[erlang-questions] Maps branch and disclaimers

Anthony Ramine n.oxyde@REDACTED
Thu Oct 31 11:58:18 CET 2013


Write an unary function with 15 (might need more) different clauses f(a1) -> ...; ...; f(a15) -> ....

Dialyzer will infer atom() for the argument type because large type unions are broadened to make the various type unifications happen in a reasonable time, if I understand this correctly.

This kind of validates what I said about types being used to reject sure-to-fail calls.

At least that's how I see success typing as opposed to more traditional type systems.

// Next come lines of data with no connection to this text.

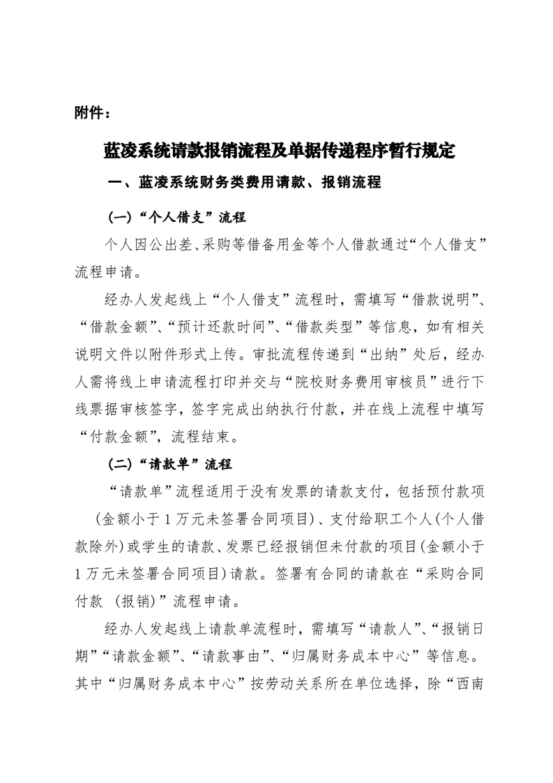 关于印发《蓝凌系统请款报销流程及单据传递程序暂行规定》的通知
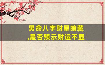 在八字命理中,"财星暗藏"通常指财星(正财、偏财)在地支藏干中而不显于天干,这确实可能对财运的显现方式产生影响,但并非绝对意味着"财运不显"。具体需结合以下因素综合分析:
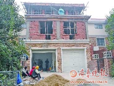 3日上午,记者在该小区内看到,正在施工的别墅不下10栋。这些别墅大都是带庭院的三层建筑,线条优美,庭院宽敞。然而,如今这些小别墅的庭院缩了水:有的在一层的门庭旁扩建了二层三层,有的在庭院区盖起了楼房,还有的把庭院部分挖空建起了地下室。

I may be completely wrong.

-- 
Anthony Ramine

> Le 30 oct. 2013 à 17:07, "Chris King" <colanderman@REDACTED> a écrit :
> 
>> On Wed, 30 Oct 2013 11:36:12 -0400, Anthony Ramine <n.oxyde@REDACTED> wrote:
>> 
>> In the foo/1 spec, the binary() doesn’t mean that foo/1 handles *all* binaries, it means that if you give something that is not a binary(), the call is guaranteed to fail.
> 
> Mm, the Erlang reference manual is unclear about the correct interpretation.  Dialyzer's interpretation differs with the -Wunderspecs flag:
> 
> $ cat > foo.erl
> -module(foo).
> -export([bar/1]).
> -spec bar(integer()) -> ok.
> bar(42) -> ok.
> 
> $ dialyzer foo.erl
> done (passed successfully)
> 
> $ dialyzer -Wunderspecs foo.erl
> foo.erl:3: Type specification foo:bar(integer()) -> 'ok' is a supertype of the success typing: foo:bar(42) -> 'ok'
> done (warnings were emitted)
> 
> The latter is more useful to me – I would like to know from the spec that a function can handle certain inputs (or, in the case of a heterogeneous map, will produce certain outputs).  Knowing that "the function will return this type or crash" is less useful.
> 
> (And the benefit from this interpretation – knowing that given certain inputs, the function will *definitely* crash, is not generally useful (and I have used languages where this is expressible).  I realize that internally this is how Dialyzer works, but that does not mean the type language must work his way.)
> 
> Without a firm definition, it's not possible to say how function specs "should" be interpreted.
> 
> 
> FWIW Dialyzer *can* (with -Wunderspecs) check the heterogeneous map type-analogous case of a function returning a function.  (i.e. it can check that the returned function accepts at *least* the specified values; just as with a heterogeneous map, we care whether it contains at *least* the specified keys.)
> 
> 
>> PS: Your MUA sends rich text in 12px.
> 
> *checks settings* Ah, it was set to "prefer text/reply with same formatting".  Fixed, thanks.